On 2 Sep, 2014, at 6:37 pm, Dave Taht wrote:

> > > tc qdisc add dev eth0 cake bandwidth 50mbit diffservmap std
> >
> > Or even having the "diffservmap std" part be in the defaults.  I try not to 
> > spend too much mental effort understanding diffserv - it's widely 
> > misunderstood, and most end-user applications ignore it.  Supporting the 
> > basic eight precedences, and maybe some userspace effort to introduce 
> > marking, should be enough.
> 
> The various ietf wgs seem to think AFxx is a useful concept.

I'm sure they do.  And I'm sure that certain networks make use of it 
internally.  But the Internet does not support such fine distinctions in 
practice - at least, not at the moment.  We have enough difficulty getting SQM 
of *any* colour deployed where it's needed.

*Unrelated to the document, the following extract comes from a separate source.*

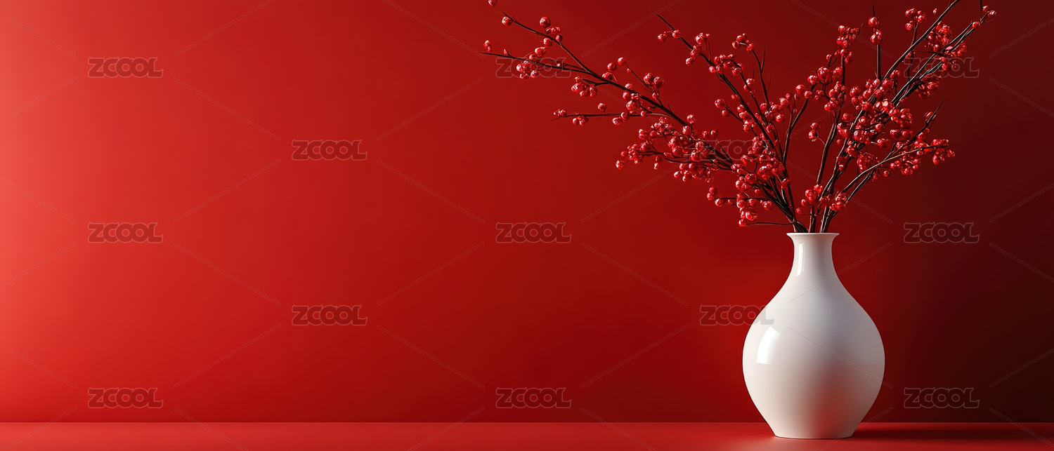 静物,花朵,花瓶,红色,背景,喜庆,氛围感,气氛,新年,春节

A good default handling of Precedence would already be an improvement over the 
status quo, and I've worked out a CPU-efficient way of doing so.  It takes 
explicit advantage of the fact that the overall shaping bandwidth is known, but 
degrades gracefully in case the actual bandwidth temporarily falls below that 
value.  As I suggested previously, it gives weighted priority to 
higher-precedence packets, but limits their permitted bandwidth to prevent 
abuse.

As it happens, simply following the Precedence field, and ignoring the 
low-order bits of the Diffserv codepoint, satisfies the letter of the AF spec.  
The Class field is encoded as a Precedence value, and the drop-precedence 
subclasses then have equal drop probability, which the inequality equations 
permit.  The same equations say nothing obvious about how a packet marked 
*only* with Precedence 1-4 should be treated relative to AF-marked packets in 
the same Precedence band, which is part of what gives me a headache about the 
whole idea.

EF is also neatly handled by ignoring the low-order bits, since its encoding 
has a high Precedence value.  So, at the very least, more refined AF/EF 
handling can be deferred to a "version 2" implementation.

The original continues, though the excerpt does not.